Ob Anti-Atomkraft- oder Friedens-Bewegung, ob Wale retten oder Gen-Gemüse verhindern: Immer gibt es einen guten Grund dafür, warum man laut sein darf, warum man Angst und Panik verbreitet, warum man es „denen da oben“ mal ordentlich zeigt. Man fühlt sich auf der richtigen Seite. Man steht in einer Tradition mit Sophie Scholl und Gandhi, Rosa Parks und Benno Ohnesorg. Auch in jüngster Zeit wird das Mittel „Skandal“ immer wieder angewandt: So etwa als Greenpeace die völlig unspektakulären „Geheim-Papiere“ zu TTIP „enthüllte“ oder mit dem jüngsten Hype um Glyphosat.

Muss man sich wundern, wenn all diese Methoden nun nicht mehr nur für die „richtigen“ Ziele wie Weltfrieden, Umweltrettung und eine gen- und atomfreie Erde eingesetzt werden? Jahrzehntelang haben linke Aktivisten vorgemacht, wie man Mücken zu Skandal-Elefanten macht und wie man Ängste nutzt, um politische Ziele durchzusetzen. Nun machen es eben rechte Aktivisten nach. Ersetze „Atom-Super-GAU“ durch „Niedergang der Kultur“, „Gentechnik“ durch „Zuwanderung“ und „Chlorhühnchen“ durch „Sexualkunde“ … Sogar die Selbststilisierung zum Helden kann man wiederfinden: Absurderweise vergleichen sich nicht selten rechte Aktivisten mit Figuren des Widerstands gegen den Nationalsozialismus.
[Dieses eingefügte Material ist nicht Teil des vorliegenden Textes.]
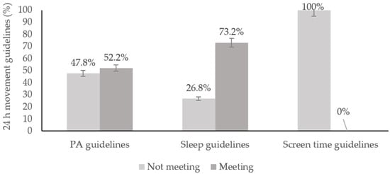 Moreover, previous studies that investigated movement behaviors using self-report tools, such as the review by Tapia-Serrano et al. [43], have found that only 38.0% of their 1276 adolescent subjects met the PA guidelines, 82.6% met the sleep guidelines, and 15.4% met the screen time guidelines. In Spain, 34.9% of adolescents spend more than 2 h and 29.1% spend more than 3 h in front of screens. The increase in daily leisure screen time was found to be associated with shorter sleep duration [44]. Similarly, a study on Australian adolescents [41] showed that only 2.4% of 3.096 participants met all recommendations, with an average of 28.1 min of MVPA, 3.2 h of screen time, and 9.5 h of sleep per night. Additionally, in the study by Brady et al. [45], only 13% of the study population, with a mean MVPA of 33 min/day, met the guidelines for MVPA measured with an accelerometer. Hansen et al. [46] described prevalence estimates of PA, screen time, and sleep among German youths aged 9 to 18 years (n = 15,786), finding that only 9.7% of respondents met all three combined guidelines, and approximately 25% did not meet any of the guidelines. Half of the participants (50%) met the sleep guidelines, and approximately one-third met only the screen time (35%) and PA (37%) guidelines. The similarities and differences between studies can be attributed to cultural and socioeconomic factors, as well as the availability of electronic devices [47]. This highlights a global problem in which adolescents mainly do not adhere to screen time guidelines, although a good portion meets sleep guidelines and, to a lesser extent, PA guidelines. Therefore, future studies should investigate the causal relation between PPL and adherence to movement guidelines.
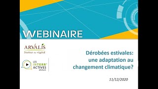 Webinaire "Dérobée estivale : une adaptation au changement climatique ?" du 11 décembre 2020. Les épisodes récurrents de sécheresse estivale sur ces ...

Vereinfachen und Polemisieren wie Campact, Greenpeace und Occupy

Trump, Hofer, Le Pen, Kaczynski und Orban sind nicht nur Produkte einer absteigenden Mittelklasse, die sich als Verlierer der Globalisierung empfinden. Sie sind auch gelehrige Schüler der 68er und ihrer Epigonen. Sie vereinfachen wie Campact, sie polemisieren wie Greenpeace und sie inszenieren sich als Stimme des Volkes wie die Occupy-Bewegung. Im Unterschied zu Goethes Zauberlehrling gibt es jedoch in dieser Situation keinen Hexenmeister, der den Scherbenhaufen wieder aufräumen könnte, den die Nachwuchs-Zauberer hinterlassen. Und es wird auch nicht so schnell gehen wie in der Goethe-Ballade: Es wird gemeinsamer und langfristiger Bemühungen bedürfen, um der populistischen Versuchung Herr zu werden.

Gefragt sind bei diesen Bemühungen alle diejenigen, die sich in stärkerem Maße politisch engagieren: Politiker selbst, aber vielleicht noch viel mehr Journalisten, Mitarbeiter von NGOs und Aktivisten. Die Hauptaufgabe besteht darin, das Diskussionsklima wieder herunter zu kühlen. Wer sich Sorgen macht wegen des rechten Populismus, der muss auch auf der linken Seite abrüsten. Hört auf damit, TTIP zu dämonisieren, ungleiche Einkommensverteilung zu skandalisieren, Sorge vor zu vielen Zuwanderern als faschistoid zu bezeichnen und allenthalben Machenschaften und Geheimniskrämerei der Großkonzerne oder des Establishments zu wittern! Schon vor fast sechzig Jahren schrieb der am Mittwoch verstorbene Historiker Fritz Stern über “Kulturpessimismus als politische Gefahr”. Wenn wir nicht gegensteuern, könnte wirklich das „Zeitalter der Angst“ anbrechen, vor dem er noch im Januar warnte.

Clemens Schneider arbeitet für das Freiheitsinstitut Prometheus und ist Mitbegründer und Koordinator des Bildungsprojekts „Woche der Freiheit“. Dieser Artikel ist zuerst am 20. Mai 2016 auf der Website des Prometheus-Instituts erschienen.